## ACTIVITY
The answer must consist solely of the lines from the start of the records through the line containing "Kun kaupunkisuunnittelija sijoittaa", restated word for word, with no pictures.

___ INFORMATION SHOWN

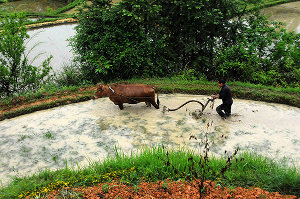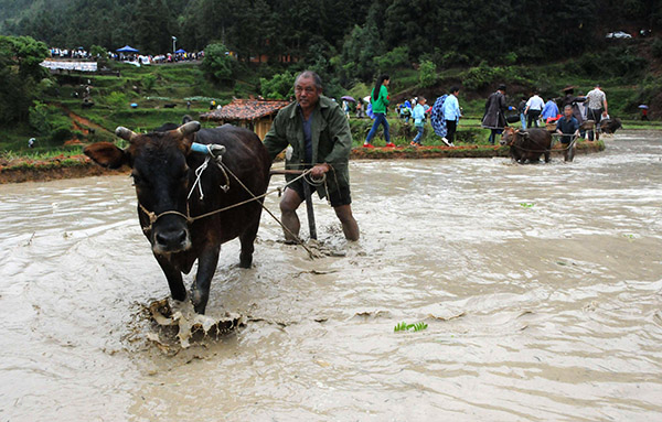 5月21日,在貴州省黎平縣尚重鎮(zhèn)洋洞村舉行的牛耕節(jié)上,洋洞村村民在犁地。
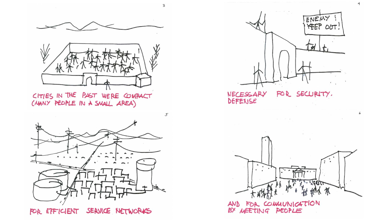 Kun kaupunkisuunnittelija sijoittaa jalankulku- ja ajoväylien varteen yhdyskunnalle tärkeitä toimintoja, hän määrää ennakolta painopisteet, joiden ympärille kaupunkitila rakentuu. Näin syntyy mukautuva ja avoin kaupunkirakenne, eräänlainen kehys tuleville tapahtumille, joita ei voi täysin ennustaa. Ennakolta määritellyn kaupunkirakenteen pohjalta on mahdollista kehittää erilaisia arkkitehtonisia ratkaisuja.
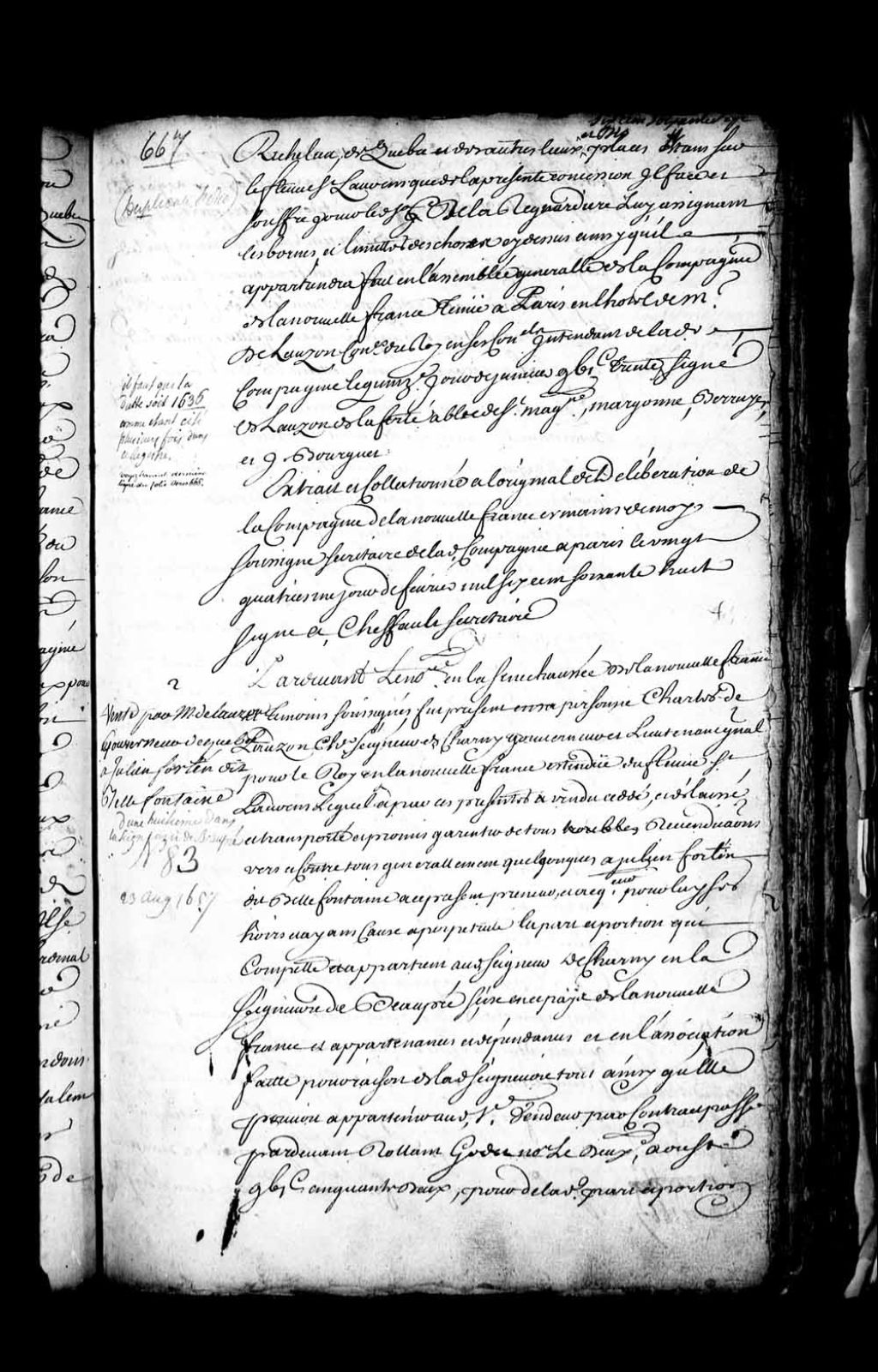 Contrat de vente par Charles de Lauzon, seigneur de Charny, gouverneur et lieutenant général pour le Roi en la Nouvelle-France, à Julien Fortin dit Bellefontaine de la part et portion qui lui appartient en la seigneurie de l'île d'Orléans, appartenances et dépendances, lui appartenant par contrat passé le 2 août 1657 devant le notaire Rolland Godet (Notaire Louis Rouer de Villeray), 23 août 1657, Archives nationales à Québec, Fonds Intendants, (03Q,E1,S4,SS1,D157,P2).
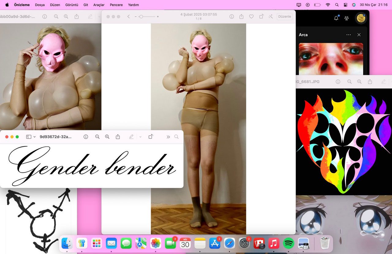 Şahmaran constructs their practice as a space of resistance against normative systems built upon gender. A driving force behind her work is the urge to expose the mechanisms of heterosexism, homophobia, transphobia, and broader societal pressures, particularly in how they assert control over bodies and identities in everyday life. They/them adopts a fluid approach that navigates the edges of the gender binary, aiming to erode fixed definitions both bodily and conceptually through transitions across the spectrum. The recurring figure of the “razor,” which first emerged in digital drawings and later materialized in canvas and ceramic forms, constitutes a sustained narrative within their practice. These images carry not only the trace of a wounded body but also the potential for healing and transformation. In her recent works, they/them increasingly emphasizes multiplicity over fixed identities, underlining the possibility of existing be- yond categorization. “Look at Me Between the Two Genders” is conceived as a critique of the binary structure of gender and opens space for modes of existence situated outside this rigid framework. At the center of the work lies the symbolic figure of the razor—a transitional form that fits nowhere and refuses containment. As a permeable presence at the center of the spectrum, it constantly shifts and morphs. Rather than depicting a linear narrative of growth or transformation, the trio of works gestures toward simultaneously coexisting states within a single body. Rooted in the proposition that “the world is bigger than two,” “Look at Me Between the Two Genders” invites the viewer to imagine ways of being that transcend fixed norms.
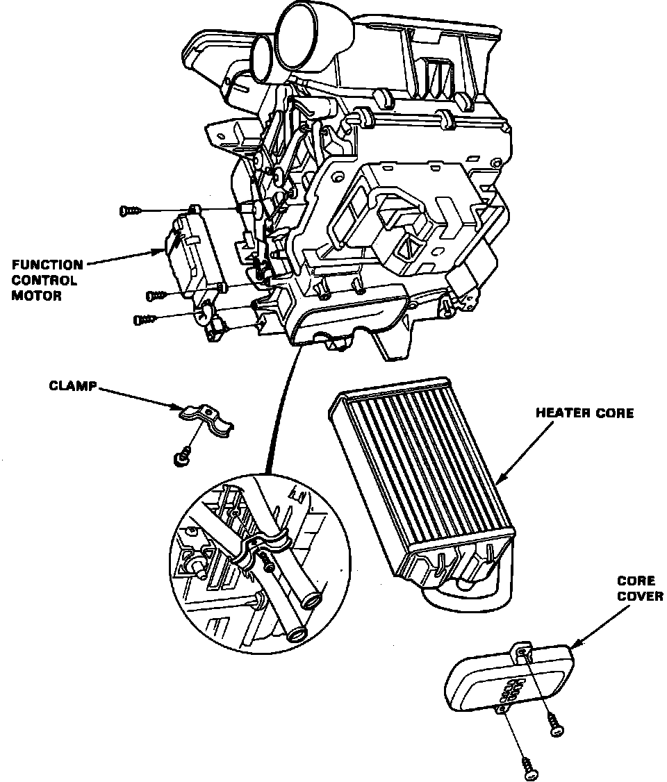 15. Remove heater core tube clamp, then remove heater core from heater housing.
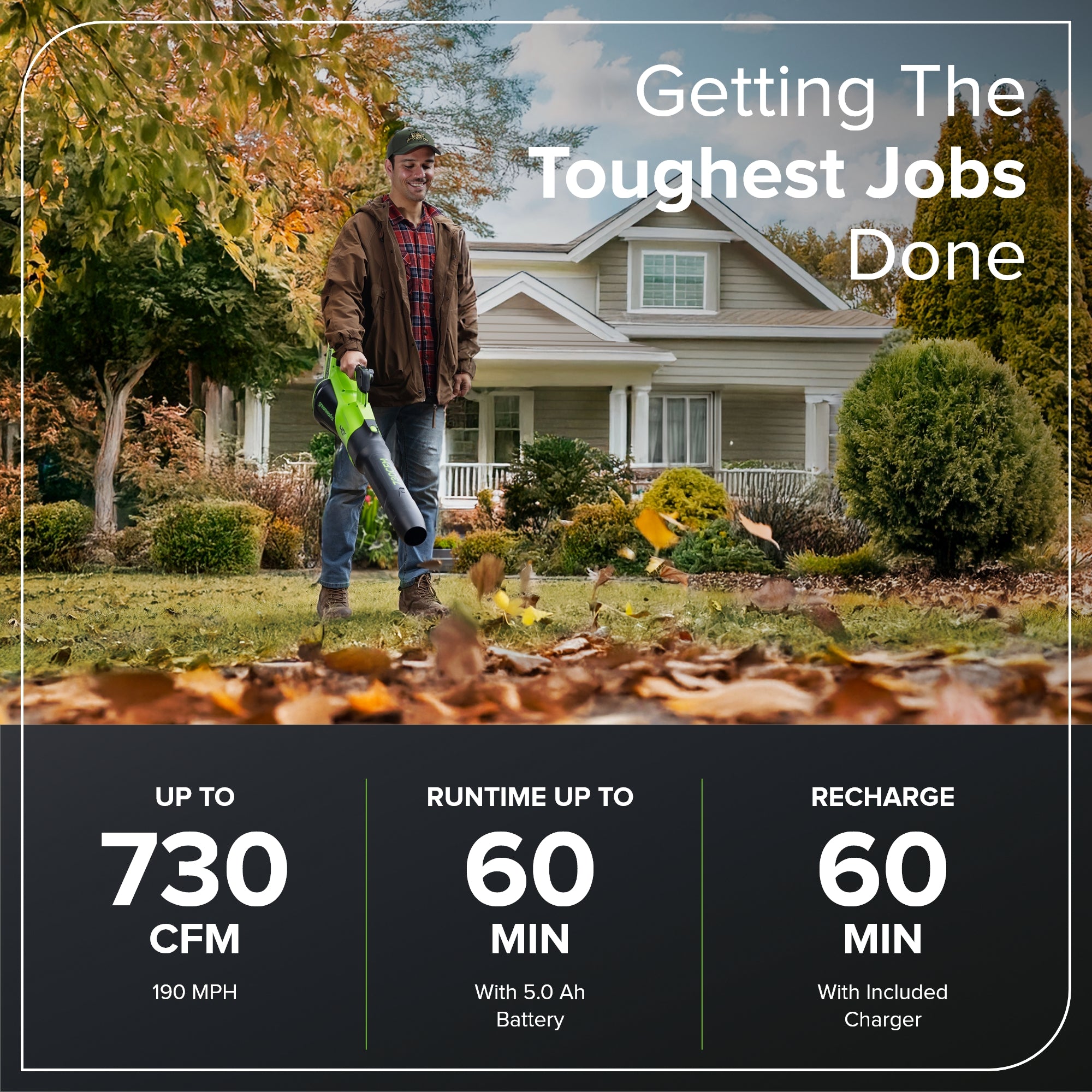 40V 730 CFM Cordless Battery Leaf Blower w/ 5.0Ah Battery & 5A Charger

______

## OUTPUT OF THE TASK
 5月21日,在貴州省黎平縣尚重鎮(zhèn)洋洞村舉行的牛耕節(jié)上,洋洞村村民在犁地。
 Kun kaupunkisuunnittelija sijoittaa jalankulku- ja ajoväylien varteen yhdyskunnalle tärkeitä toimintoja, hän määrää ennakolta painopisteet, joiden ympärille kaupunkitila rakentuu. Näin syntyy mukautuva ja avoin kaupunkirakenne, eräänlainen kehys tuleville tapahtumille, joita ei voi täysin ennustaa. Ennakolta määritellyn kaupunkirakenteen pohjalta on mahdollista kehittää erilaisia arkkitehtonisia ratkaisuja.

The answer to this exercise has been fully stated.